TASK PROMPT: Leave the images out. Give every line below again, precisely.

DATASET CONTENT:
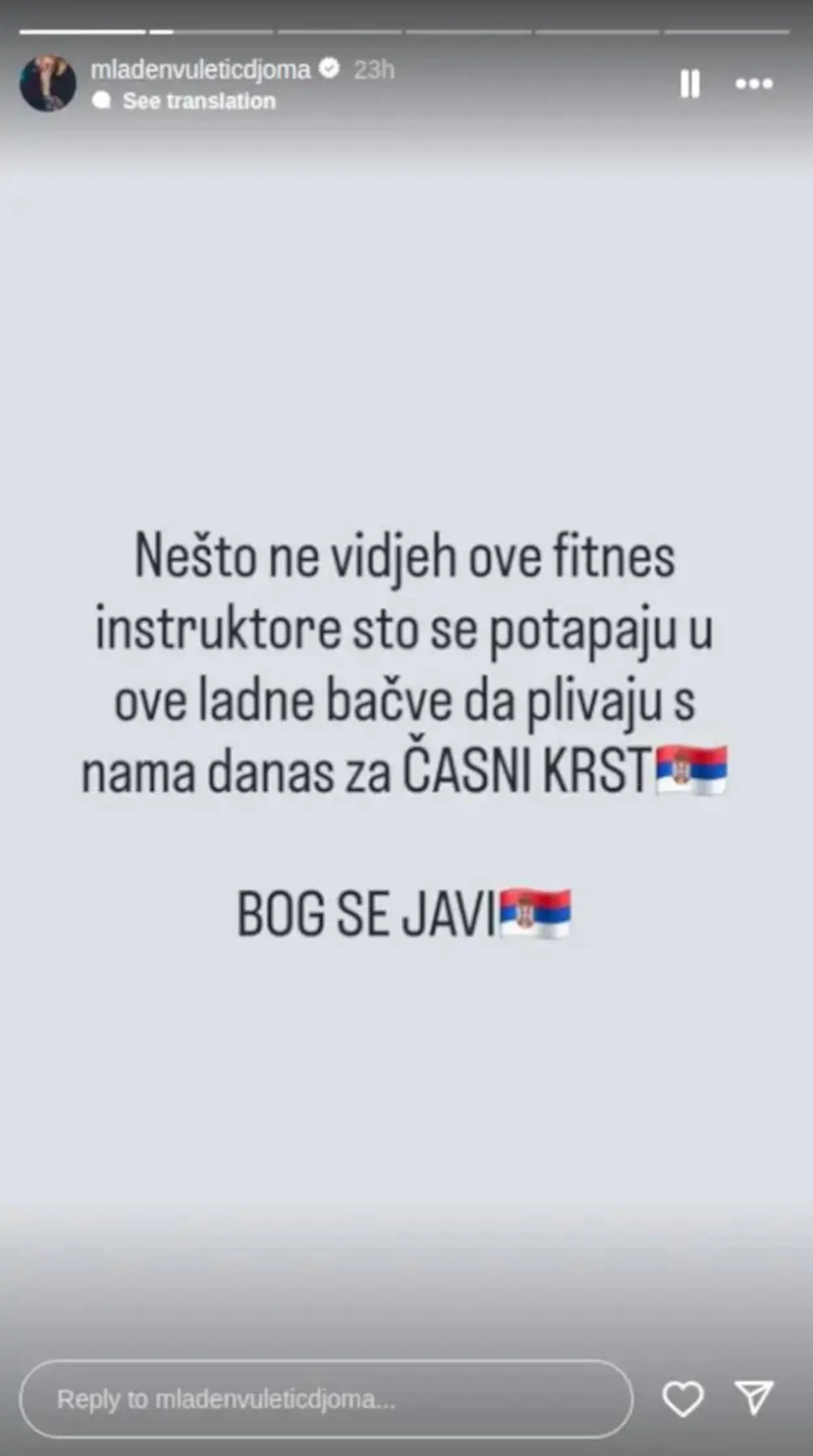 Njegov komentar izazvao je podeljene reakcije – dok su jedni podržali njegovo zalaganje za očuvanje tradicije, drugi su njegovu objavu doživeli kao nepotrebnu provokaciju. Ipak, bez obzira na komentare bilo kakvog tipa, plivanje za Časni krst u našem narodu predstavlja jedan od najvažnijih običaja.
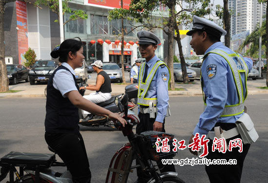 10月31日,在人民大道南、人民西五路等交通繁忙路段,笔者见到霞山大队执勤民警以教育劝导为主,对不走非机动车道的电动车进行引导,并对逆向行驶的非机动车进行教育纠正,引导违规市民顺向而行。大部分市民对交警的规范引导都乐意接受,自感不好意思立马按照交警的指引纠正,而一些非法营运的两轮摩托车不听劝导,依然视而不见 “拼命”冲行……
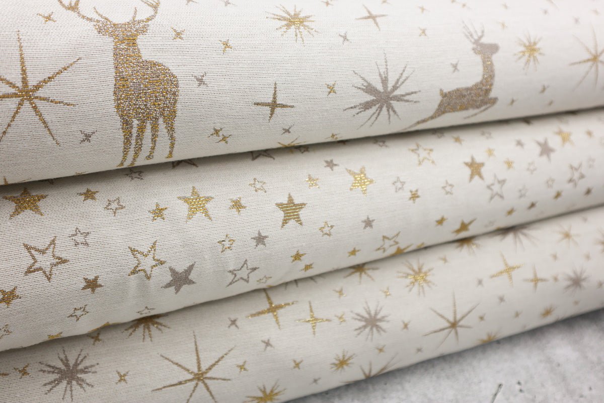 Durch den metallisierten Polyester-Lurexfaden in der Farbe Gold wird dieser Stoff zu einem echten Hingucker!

TASK RESPONSE:
 Njegov komentar izazvao je podeljene reakcije – dok su jedni podržali njegovo zalaganje za očuvanje tradicije, drugi su njegovu objavu doživeli kao nepotrebnu provokaciju. Ipak, bez obzira na komentare bilo kakvog tipa, plivanje za Časni krst u našem narodu predstavlja jedan od najvažnijih običaja.
 10月31日,在人民大道南、人民西五路等交通繁忙路段,笔者见到霞山大队执勤民警以教育劝导为主,对不走非机动车道的电动车进行引导,并对逆向行驶的非机动车进行教育纠正,引导违规市民顺向而行。大部分市民对交警的规范引导都乐意接受,自感不好意思立马按照交警的指引纠正,而一些非法营运的两轮摩托车不听劝导,依然视而不见 “拼命”冲行……
 Durch den metallisierten Polyester-Lurexfaden in der Farbe Gold wird dieser Stoff zu einem echten Hingucker!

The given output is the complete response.